1
votes

I have a similar dataset:

val<-c("Y","N")
test<-data.frame(age=rnorm(n=100,mean=50,sd=10),var1=sample(val,100,T),var2=sample(val,100,T),var3=sample(val,100,T),sex=sample(c("F","M"),100,T))

I´d like to create a summary reporting the mean age for each category using Hmisc.

library(Hmisc)
summary.formula(age~sex+var1+var2+var3,data=test)

However, var1-var3 actually belong under the same categorical variable with levels var1,var and var3 instead of Y/N. Furthermore, these are not mutually exclusive. So, is it possible somehow to create a variable var4 with these different levels that are not mutually exclusive and type

summary.formula(age~sex+var4,data=test)

and have an output like:

+-------+-+---+----+
|       | |N  |age |
+-------+-+---+----+
|sex    |F| 44|48.0|
|       |M| 56|50.8|
+-------+-+---+----+
|var4   |var1| xx|yy|
|       |var2| xx|yy|
        |var3| xx|yy|
+-------+-+---+----+
|Overall| |100|49.6|
+-------+-+---+----+

Any help would be much appreciated...

2
I don't understand what you want. It's not clear to me what Var4 would be or how the subsetting in the is supposed to work for Var4. - Dason

2 Answers

1
votes

How bout paste0? (or paste(..., sep='') if you're not on R2.15)

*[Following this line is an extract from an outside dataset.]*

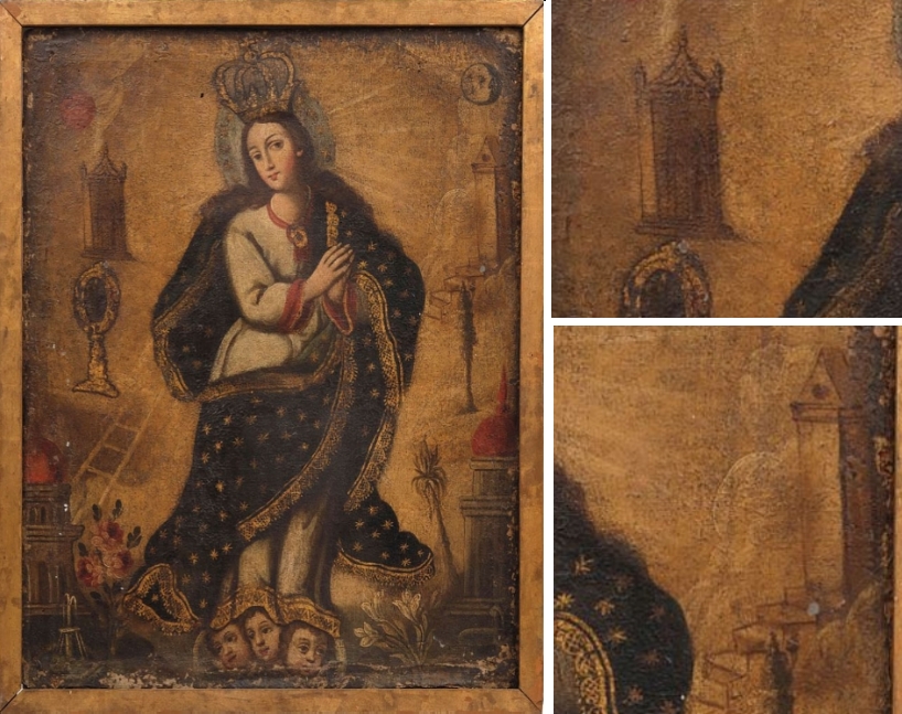 Dieses Ölgemälde aus der Cusco-Malerschule ist bezüglich des Themas eine Rarität. Im oberen Bereich wird gleich drei Mal (!) eine Himmelspforte dargestellt: eine rote Pforte links, ihr gegenüber rechts eine zweite rote Pforte, und darunter eine dritte, diesmal helle gelbgoldene Pforte. Alle drei Pforten sind im Barockstil gehalten und stehen offen. Keine andere Darstellung der Maria Immaculata zeigt dieses Motiv öfters als dieses 128 x 87 Zentimeter große Gemälde, das um 1710 entstanden ist und 2013 auf dem Kunstmarkt versteigert wurde. So gut wie immer sind es angloamerikanische Auktionshäuser, während die lateinamerikanischen Länder ihre eigenen Pretiosen, Kultur und Geschichte für ein paar Dollar verkaufen (müssen?).

> test$var4 <- paste0(test$var1, test$var2, test$var3)
> summary.formula(age~sex+var4, data=test)
age    N=100

+-------+---+---+--------+
|       |   |  N|     age|
+-------+---+---+--------+
|    sex|  F| 50|50.25440|
|       |  M| 50|51.32134|
+-------+---+---+--------+
|   var4|NNN| 13|46.64417|
|       |NNY| 17|51.34456|
|       |NYN| 15|52.92185|
|       |NYY| 17|47.35685|
|       |YNN|  9|50.91647|
|       |YNY|  7|48.04489|
|       |YYN| 10|53.23713|
|       |YYY| 12|56.14394|
+-------+---+---+--------+
|Overall|   |100|50.78787|
+-------+---+---+--------+
> 
0
votes

I think the problem lies in that you are trying to combine statistics for two different data sets:

  1. data indexed by person:

    summary.formula(age~sex, test)
    
    # age    N=100
    # 
    # +-------+-+---+--------+
    # |       | |N  |age     |
    # +-------+-+---+--------+
    # |sex    |F| 35|49.99930|
    # |       |M| 65|48.96266|
    # +-------+-+---+--------+
    # |Overall| |100|49.32548|
    # +-------+-+---+--------+
    
  2. data indexed by cars

Here you need one row per car; here is one way to create the data but I am sure there must be much nicer ways:

    var1 <- subset(test, var1 == "Y", c("age", "sex"))
    var2 <- subset(test, var2 == "Y", c("age", "sex"))
    var3 <- subset(test, var3 == "Y", c("age", "sex"))
    var1$var <- "var1"
    var2$var <- "var2"
    var3$var <- "var3"
    vars <- rbind(var1, var2, var3)

Then, the summary statistics:

    summary.formula(age~var, data=vars)
    # age    N=147
    # 
    # +-------+----+---+--------+
    # |       |    |N  |age     |
    # +-------+----+---+--------+
    # |var    |var1| 47|48.91983|
    # |       |var2| 43|46.31811|
    # |       |var3| 57|49.35292|
    # +-------+----+---+--------+
    # |Overall|    |147|48.32672|
    # +-------+----+---+--------+

As you can see, the Overall sections of the two summaries do not match, as they come from two different data sets. (And it is not possible to combine them the way you are asking.)